# Toughest bed sheets



## bri6679 (Oct 25, 2015)

I don't allow my dogs on the bed all the time but when I do I have bed sheets just for them but they rip usually pretty quickly is there any material I should look for the the " dog sheets "

Sent from my SM-N915P using Tapatalk


----------



## Amaryllis (Dec 28, 2011)

What thread count are you using? Low thread count sheets tear pretty easily. Anything 600 or above is pretty tough, and 1,000 count is luxurious. Expensive, but they last a really long time, so it's worth it. I have had really good luck getting 1,000 count sheets on overstock.com for good prices. If you don't see anything you like, come back every couple of days. Stock and prices change frequently.

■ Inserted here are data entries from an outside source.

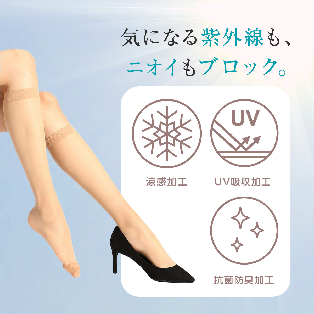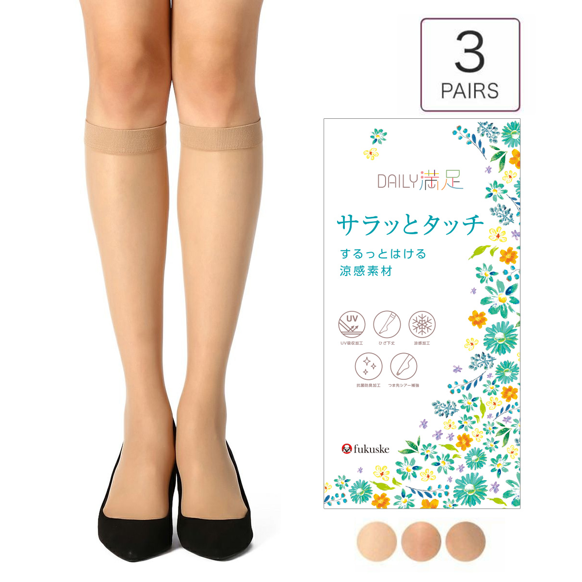 「満足」のセカンドライン「DAILY満足シリーズ」です。すべて多足組ですので、コスパ重視の方にもおすすめ。このショートストッキングは、暑い季節の足元を涼しく、美しく保つために機能性を凝縮した3足組です。素材には、なめらかな肌触りのナイロンゾッキ編みを採用し、心地よいフィット感を実現しています。最大の特長は、暑さ対策として涼感加工が施されている点です。これにより、着用時にひんやりとした感触があり、夏の足元のムレを軽減します。耐久性にも配慮し、摩擦を受けやすいつま先にはシアー補強が施されています。見た目の透明感を保ちつつ、破れにくさを向上させています。また、抗菌防臭加工により気になるニオイを抑え、さらにUV吸収加工も施されているため、日差しの強い季節の紫外線対策としても安心してお使いいただけます。大変お得で便利な3足組でのお届けですので、洗い替えに困ることなく、毎日の必需品としてご活用いただけます。パンプスやサンダルなどと合わせて、夏の足元のおしゃれを快適にお楽しみください。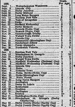 - ^ "Nottingham Rangers v Burton-on-Trent Alma". Nottinghamshire Guardian: 12. 29 October 1880.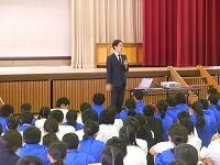 6名の先生方が転出します。全校生でこれまでの感謝の気持ちを伝えました。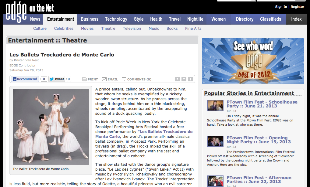 To kick off Pride Week in New York the Celebrate Brooklyn! Performing Arts Festival hosted a free dance performance by “Les Ballets Trockadero de Monte Carlo,” the world’s premier all-male classical ballet company, in Prospect Park. Performing en travesti (in drag), the Trocks mixed the skill of a professional ballet company with the jest and entertainment of a cabaret.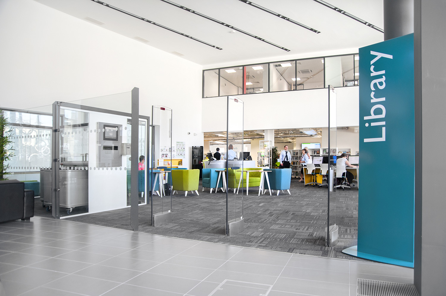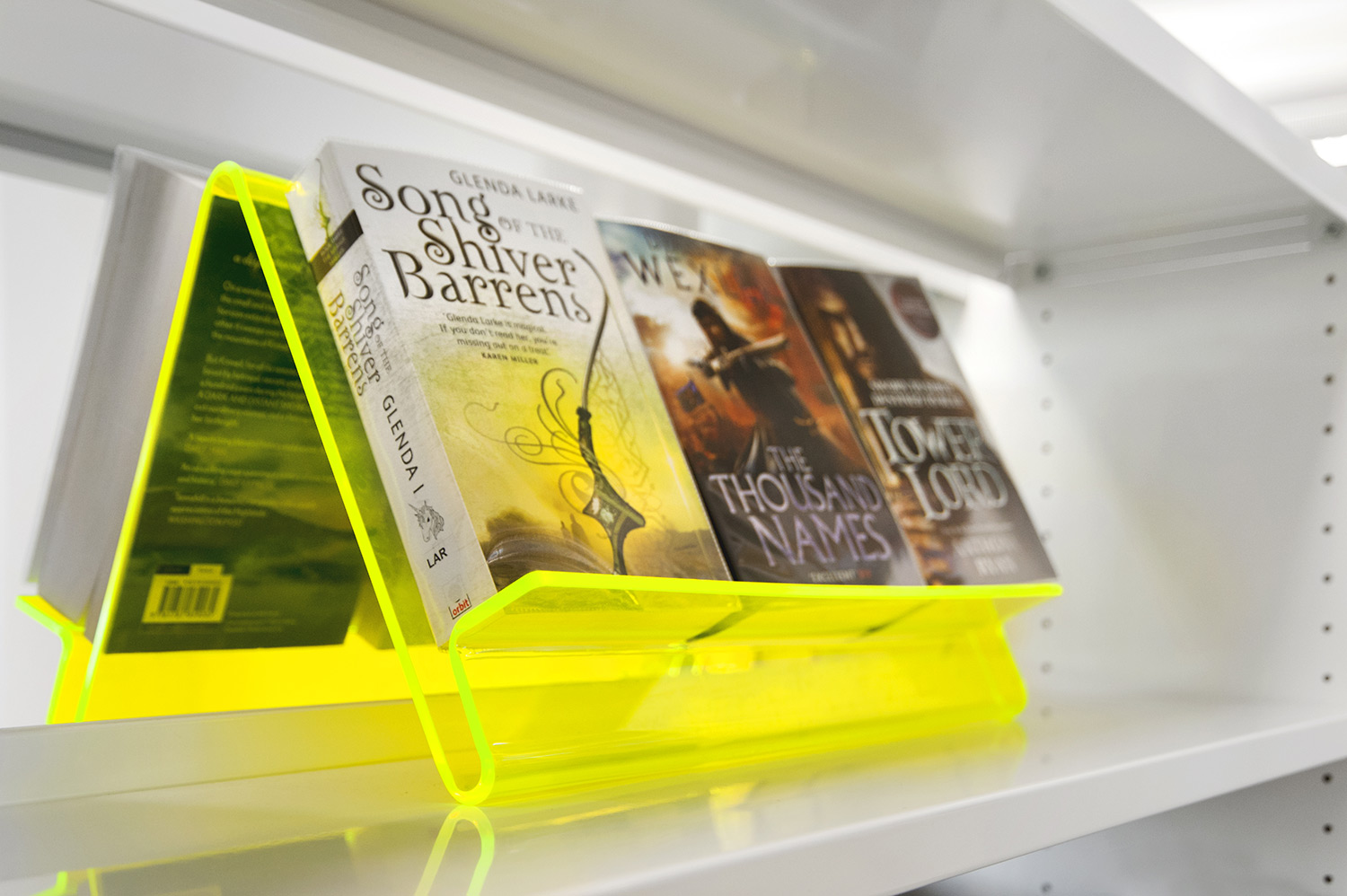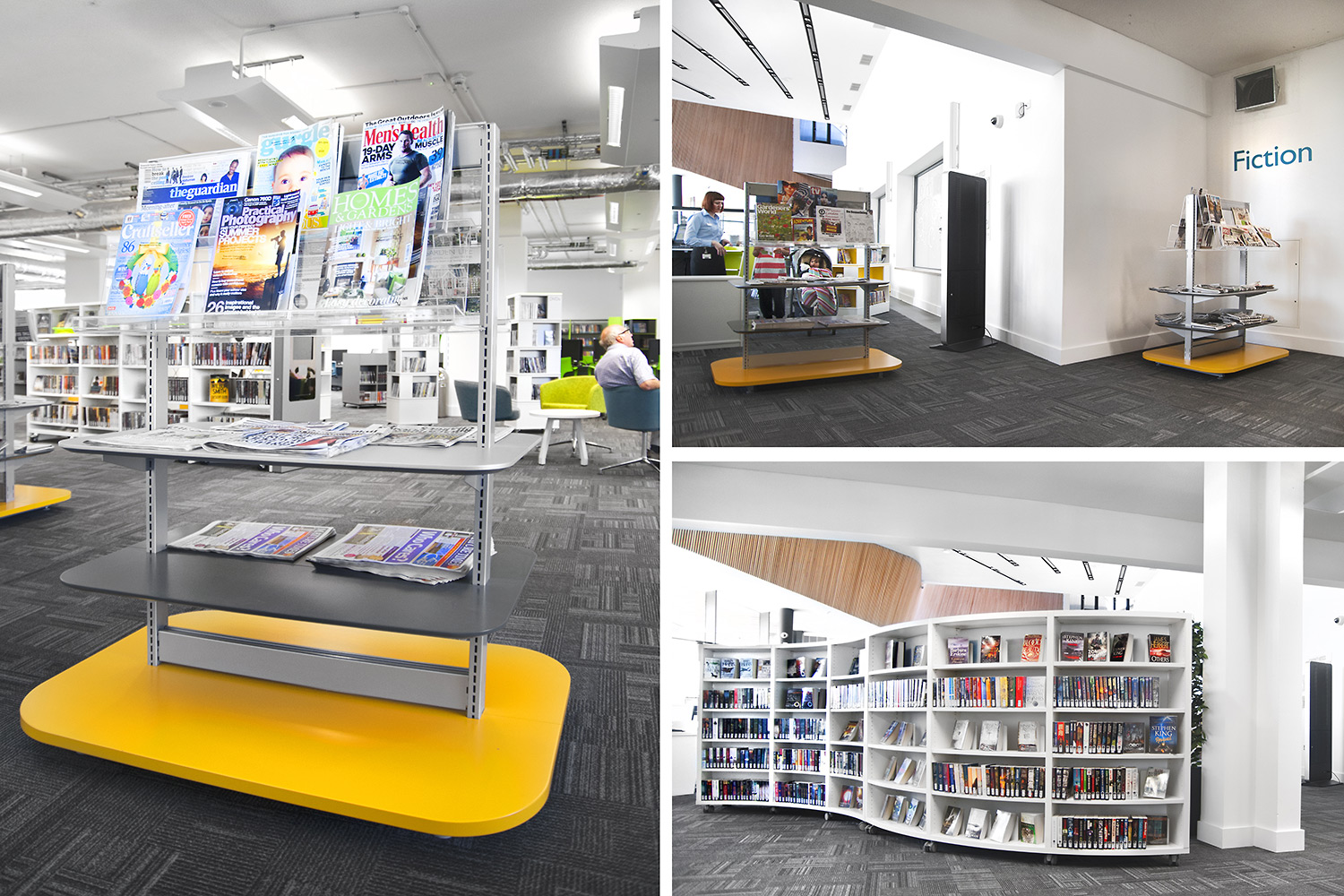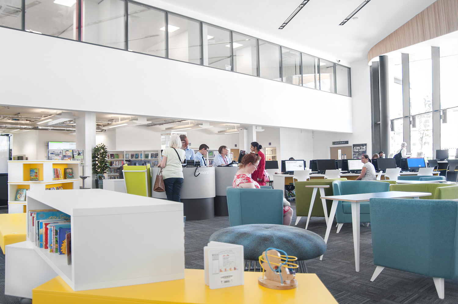 Överallt på biblioteket syns digitala paneler på hyllgavlarna som gör det möjligt för kunderna att leta efter specifika böcker och författare. Man får också tillgång till bibliotekets egna app som lyfter fram nya böcker och tjänster som finns tillgängliga för alla besökare.
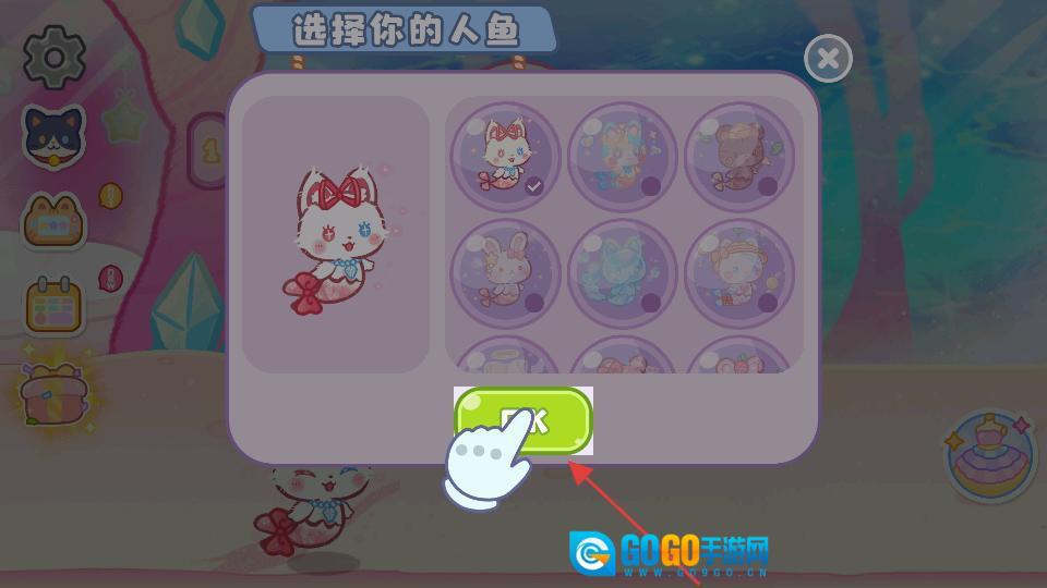 3、进入选择人鱼的界面后,浏览并选定想要的人鱼角色,接着点击绿色的OK按钮确认选择,这样就能正式开启关卡挑战,去探索海底世界的乐趣了。
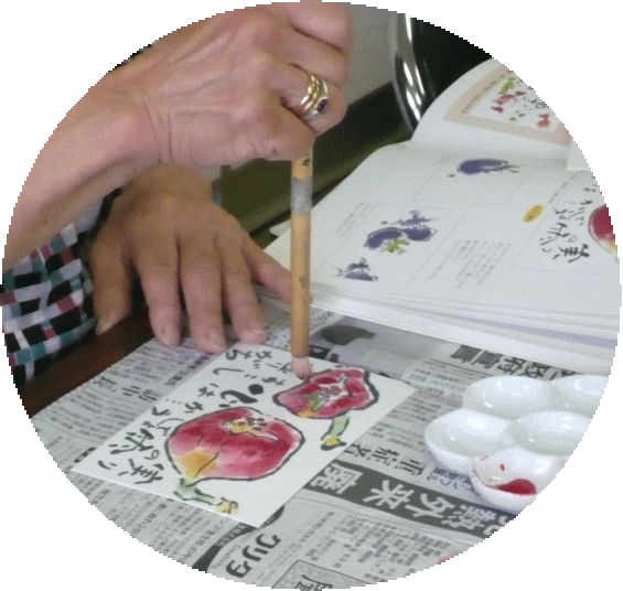 | この合言葉をもとに、 三年目になります。 今は、文化祭に向けて エコ絵手紙をみんなで 考えているところです。 楽しいおしゃべりあり、 ティータイムありと 心いやされる時間でもあります。 |
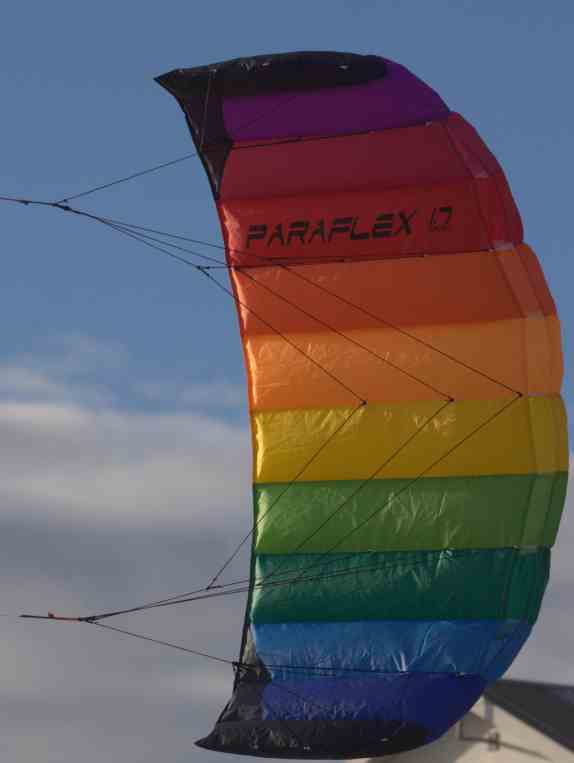 | PARAFLEX Basic 1.2 regenbogen Breite: 120 cm Tiefe: 60 cm Tuch: 70 D Ripstop Polyester Wind: ca. 2-6 Bft Alter: ab ca. 8 Jahre ready to fly mit 45 daN Polyesterleinen 2 x 25 m /Schlaufen empfohlener Verkaufspreis: € 35,90 unser Preis: € 32,--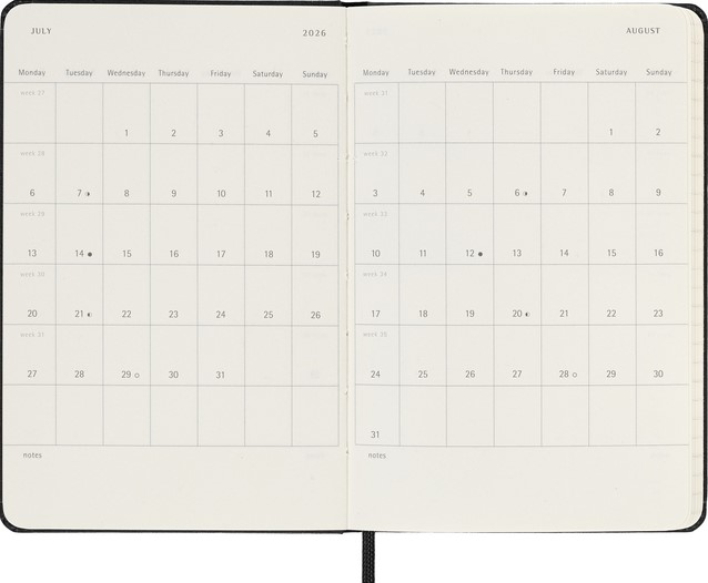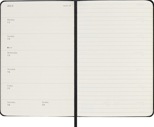 De Moleskine 18 Maanden Weekly Notebook Planner loopt van juli tot december. Deze populaire planner is ingedeeld om de afspraken van de week aan de linkerkant weer te geven en heeft een gelinieerde pagina voor notities en ideeën aan de rechterkant. Hierdoor is het notebook perfect voor studenten, docenten en professionals. De planner heeft een harde of zachte kaft met afgeronde hoeken en een elastische sluiting. - Harde kaft - Afgeronde hoeken - Elastische sluiting - Moleskine ivoorkleurig papier - Papiergewicht: 70 g/m² - Handige tools: planning, tijdzones, internationale metingen, toegangscodes en vluchtduur - Wereldwijde feestdagenkalender verkrijgbaar via moleskine.com/diaryaddons - Uitbreidbaar binnenvak passend bij de kleur van het notebook - "In geval van verlies" label gedrukt op het schutblad - Bijpassende bladwijzer voor lint - Herbruikbare paperband B-SIDE met extra gedrukte tools - 180° liggende opening - Moleskine srl. creëert en verkoopt FSC-gecertificeerde producten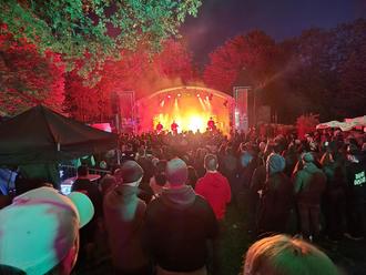 Um 18 Uhr war es endlich soweit, das erste Sauscheid Open-Air wurde durch Bürgermeister Armand Seil und Veranstalter Sebastian Dellwing eröffnet. Sie grüßten die ca. 800 Gäste und Seil versprach eine spektakuläre Überraschung zum Start. Ein Blick nach Oben verriet es dann auch, über dem Burggelände sprangen 4 Fallschirmspringer aus einem Flugzeug ab und kreisten über dem Festivalgelände. Im Anschluss heizte dann die erste Band des Abends, „Whatsename“, mit feinster Greenday Musik die Gäste ein. Nach gut 90 Minuten ging es weiter mit „Thunderbells“, der zweiten Band, die nicht nur musikalisch glänzte, sondern auch eine super Show ihrer Vorbilder AC-DC präsentierte. Die dritte Band des Abends war dann „`TALLICA“, bei der die Gäste von feinstem Metallica-Sound berieselt wurden. Den Abschluss machte die Band „Unter Falscher Flagge“, die das feiernde Publikum nochmal so richtig mit bestem Punk Rock der Toten Hosen einheizte. Die Burganlage an sich bot bereits eine spektakuläre Kulisse für ein solches Festival, als es dann dunkel wurde und die Illumination des Burgturms so richtig zur Geltung kam, war dies natürlich das absolute „Tüpfelchen auf dem i“.
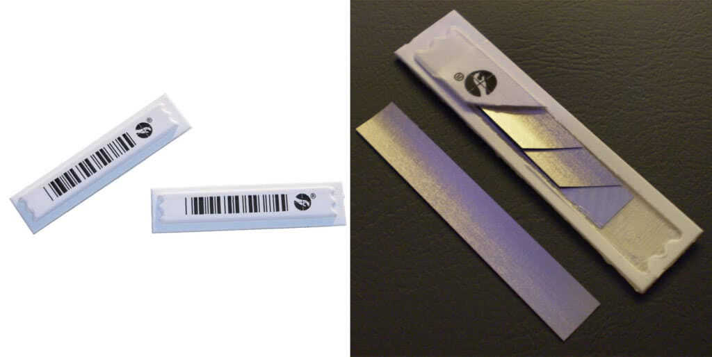 Это маленькие пластичные наклейки, что срабатывают даже при разрезанном виде. Такие наклейки крепятся на товары малых размеров.
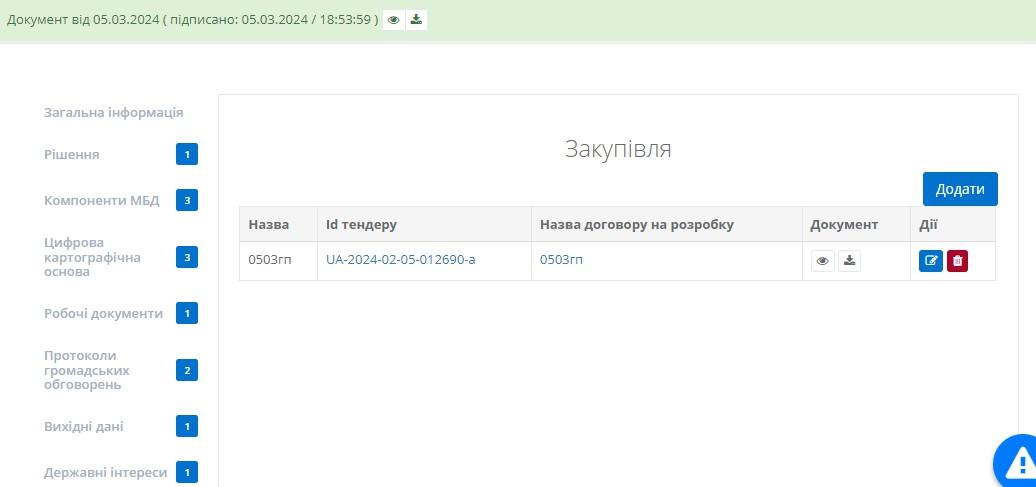 Дана вкладка містить відомості про закупівлю послуг щодо розроблення проекту МБД (Рисунок 20):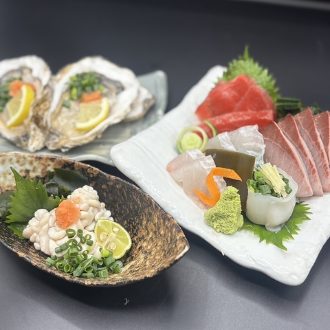 市場で厳選した新鮮な旬の魚のお刺身やその日の店長の気分で調理された逸品料理!他店と違って毎日変わるその日のオススメをぜひ♪※仕入れ状況で内容がかわりますのでご了承下さい。

Also, be sure you are trimming your dogs' nails often enough and correctly. The way most people do it isn't actually correct. (You trim up and down, not across.) Have a groomer or vet show you the proper method if you're not sure. Dremeling works really well, too.


----------



## Hiraeth (Aug 4, 2015)

I sleep with flannel sheets. I've never had a tearing problem. The rougher texture isn't for everyone, but I use them even in summer. I really dislike cotton and silk.


----------



## Willowy (Dec 10, 2007)

Hiraeth said:


> I sleep with flannel sheets. I've never had a tearing problem. The rougher texture isn't for everyone, but I use them even in summer. I really dislike cotton and silk.


Me too! Ugh I think smooth sheets are sticky. 

The flannel sheets do tear easily when they get old, but they seem pretty tough when reasonably new. I've never had a not-ancient sheet tear anyway .


----------



## Jen2010 (Feb 12, 2013)

Thread count is important, but even more important is the weave. Look for percale. It's more durable and "crisp".


----------



## BigLittle (May 28, 2014)

Fleece blankets are super dense and should stand up superbly to dogs’ nails. A high quality flannel bed set would also work. I would personally do flannel bed sheet set with a thin fleece blanket on top that covers the whole bed; dogs go on top of the fleece, humans go under it.

It would feel a bit rough, but you could also do a denim quilt. Dog beds are made of that stuff.


----------



## bri6679 (Oct 25, 2015)

Amaryllis said:


> What thread count are you using? Low thread count sheets tear pretty easily. Anything 600 or above is pretty tough, and 1,000 count is luxurious. Expensive, but they last a really long time, so it's worth it. I have had really good luck getting 1,000 count sheets on overstock.com for good prices. If you don't see anything you like, come back every couple of days. Stock and prices change frequently.
> 
> Also, be sure you are trimming your dogs' nails often enough and correctly. The way most people do it isn't actually correct. (You trim up and down, not across.) Have a groomer or vet show you the proper method if you're not sure. Dremeling works really well, too.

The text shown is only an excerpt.